Warum rechnen einige Experten dennoch mit einer früheren Zinswende?

Ein Grund ist der deutliche Anstieg der Inflation. Im Mai ist die jährliche Teuerungsrate auf 2,1 Prozent geklettert - und damit erstmals seit Oktober 2012 über den Zielwert der Fed. Das erhöht den Druck auf ihre Mitglieder, über Zinserhöhungen nachzudenken. Zudem ist die Arbeitslosenquote schneller gesunken, als es die Zentralbank bisher prognostizierte: Bei 5,5 Prozent gilt ihr Ziel quasi als erreicht.

Und was könnte bei einer Anhebung passieren?

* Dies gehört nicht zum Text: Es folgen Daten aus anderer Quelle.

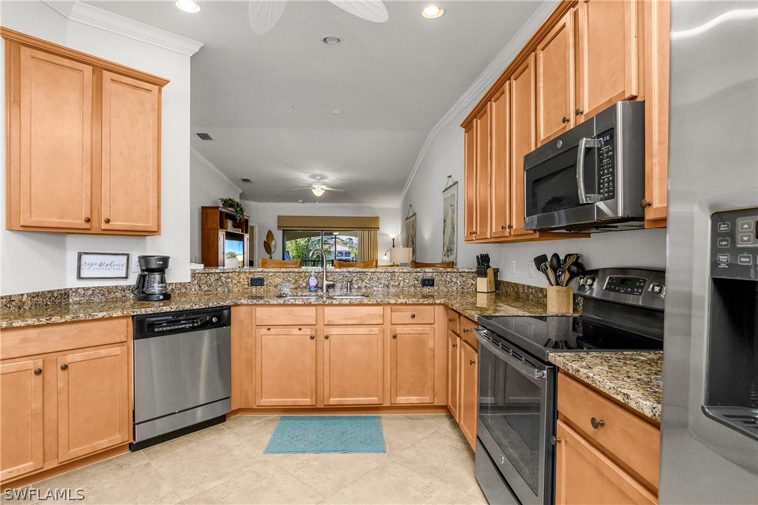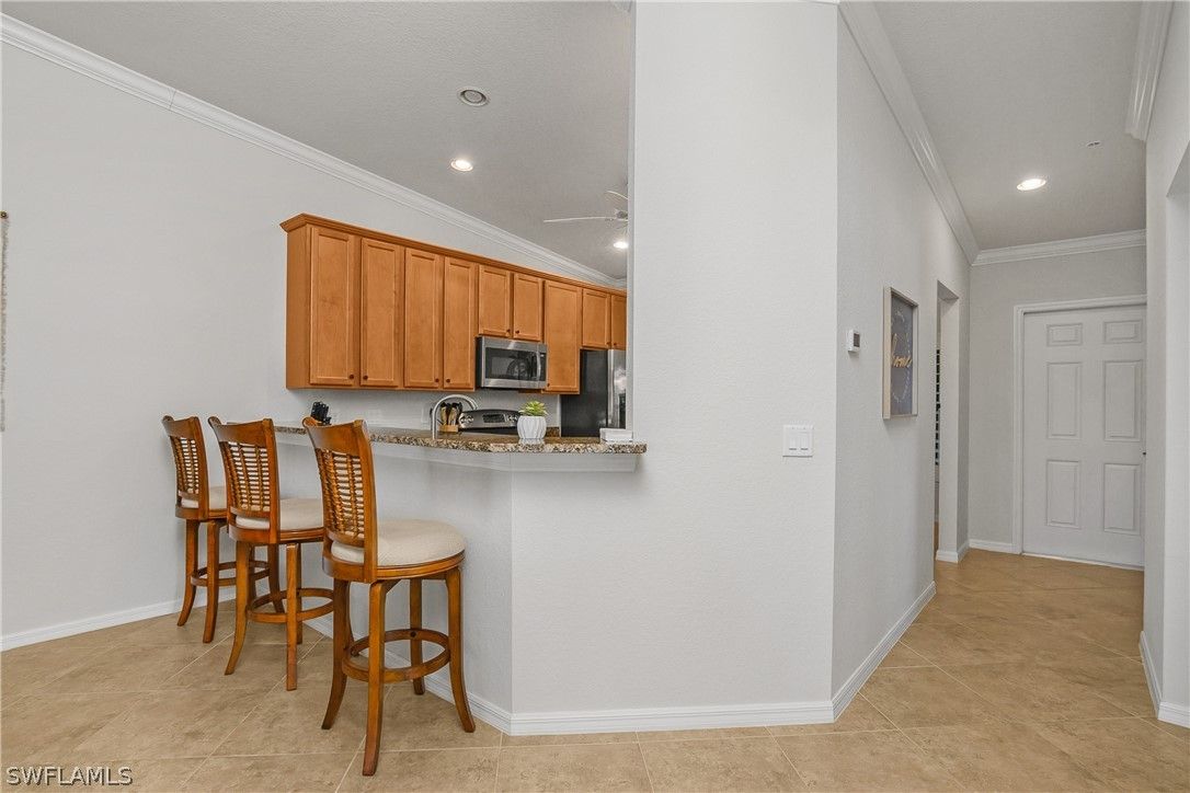 Welcome to 9517 Avellino Way #2221 in Treviso Bay, a beautifully appointed second-floor corner veranda offering one of the most desirable floor plans in this premier Naples, Florida resort-style community. With 2 bedrooms plus a den, 2 full bathrooms, and 1,661 square feet of living space, this turnkey-furnished residence combines spacious design, abundant natural light, and effortless coastal elegance—complete with a social membership. As a corner unit, this home enjoys enhanced privacy and additional windows that fill the space with natural light, creating a bright and airy atmosphere throughout. The expansive great room layout is one of the standout features of this model, offering generous living and dining areas that flow seamlessly into the kitchen—ideal for entertaining guests or enjoying relaxed everyday living in paradise. The kitchen is both functional and inviting, with ample cabinetry, abundant counter space, and an open design that keeps you connected to the main living area and views beyond. The den provides flexible space for a home office, reading nook, media room, or additional guest accommodations. It is currently set up as an extra bedroom, perfect for visiting family and friends. The split-bedroom floor plan ensures privacy, with a spacious primary suite that offers comfort and tranquility, while the guest bedroom and bath create a welcoming retreat for visitors. As a second-floor veranda, this residence features both a front and rear screened lanai, allowing you to enjoy Florida’s indoor-outdoor lifestyle year-round. Whether sipping morning coffee in the front or unwinding in the back with peaceful community views, the dual outdoor living spaces are a defining feature of veranda living in Treviso Bay. Treviso Bay is one of Naples’ most sought-after gated communities, known for its world-class amenities and vibrant lifestyle. With a social membership, residents enjoy access to the stunning Club Rilassare resort-style pool with waterfalls and lap lanes, poolside restaurant and bar, state-of-the-art fitness center, aerobics studio, and full-service spa. The community also offers tennis courts, pickleball courts, bocce ball, scenic walking and biking trails, and a robust social calendar filled with events and activities throughout the year. The main clubhouse offers additional dining options, a social activities room, library, and exceptional views of the TPC golf course (available to social members May - October). Located just minutes from downtown Naples, Fifth Avenue South, Marco Island, and the white-sand beaches of the Gulf of Mexico, 9517 Avellino Way #2221 offers the perfect blend of luxury, convenience, and lifestyle. Whether you are searching for a full-time residence, seasonal retreat, or investment opportunity in Naples real estate, this turnkey corner-unit veranda in Treviso Bay delivers the space, comfort, and resort-style living buyers are looking for.

Die hauptsächliche Sorge ist, dass höhere Zinsen das Wachstum abwürgen könnten. Teurere Kredite für Firmen und Hauskäufer könnten Investitionen verhindern, ein stärkerer Dollar könnte Exporte schwächen. Auch an den Aktienmärkten dürfte das nicht spurlos vorbeigehen. Denn bislang wurde die Rally an den Börsen hauptsächlich vom billigen Geld der Notenbanken angetrieben. Auch könnten Investoren Kapital aus Schwellenländern abziehen, um es wieder einträglicher zu Hause anzulegen - gefährlich für Staaten, deren Wachstum von Liquidität aus dem Ausland abhängt. Der Internationale Währungsfonds riet der Fed daher jüngst, bei Zinserhöhungen lieber ganz vorsichtig zu sein.